Jean fue rápidamente hacia el ascensor y esperó a que bajara la gente que iba dentro. Gordon Amory fue el último en salir.
—¿Has sabido algo más de Laura? —preguntó precipitadamente.
—No.
—Bien. Tenme informado.
Jean entró en el ascensor y apretó el botón de su planta. Craig Michaelson, pensó. Lo llamaré en cuanto llegue a mi habitación.
*****
Fuera del hotel, Peggy Kimball subió a su coche y se puso el cinturón. Con expresión concentrada, trató de situar la cara del hombre que había saludado a Jean Sheridan en el vestíbulo. Claro, pensó. Jack Emerson, el agente inmobiliario que compró la finca cuando el edificio se quemó hace diez años.

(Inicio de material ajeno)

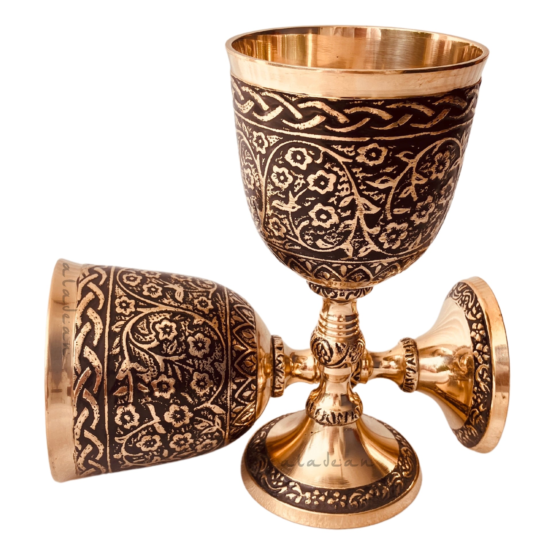 Der Besitz dieses Kelches vermittelt Ihnen ein Gefühl von Glück und Königlichkeit. Stellen Sie sich vor, Sie halten ein Stück Geschichte in Ihren Händen, spüren das Gewicht von massivem Messing und die komplizierten Muster, die die Erhabenheit der Antike widerspiegeln. Es weckt ein Gefühl von Freude und Stolz und erinnert an königliche Bankette und große Feiern. Die mit diesem Kelch verbundene Stimmung ist zeitlose Eleganz und eine Verbindung zu einer königlichen Vergangenheit, sodass sich jeder Schluck wie ein Toast auf Geschichte und Tradition anfühlt.

Metió la llave en el contacto y la giró. Jack Emerson, pensó con desprecio. Cuando sucedió, se insinuó que él podía haber tenido algo que ver. No solo quería la finca, sino que además se descubrió que conocía el edificio como la palma de su mano. Cuando estudiaba en el instituto, ganaba para sus gastos trabajando allí un par de noches por semana con los de la limpieza. ¿Trabajaba en el edificio cuando Jean visitó al doctor Connors?, se preguntó Peggy. Siempre citábamos a las jovencitas como ella por la tarde, para que no coincidieran con las otras pacientes. Quizá Emerson la vio alguna vez y solo tuvo que atar cabos.
Dio marcha atrás para salir de su plaza. Jean quería saber quién trabajaba en la consulta. Quizá debía mencionarle a Emerson, aunque estaba totalmente segura de que ni él ni nadie pudo tener acceso a los archivos.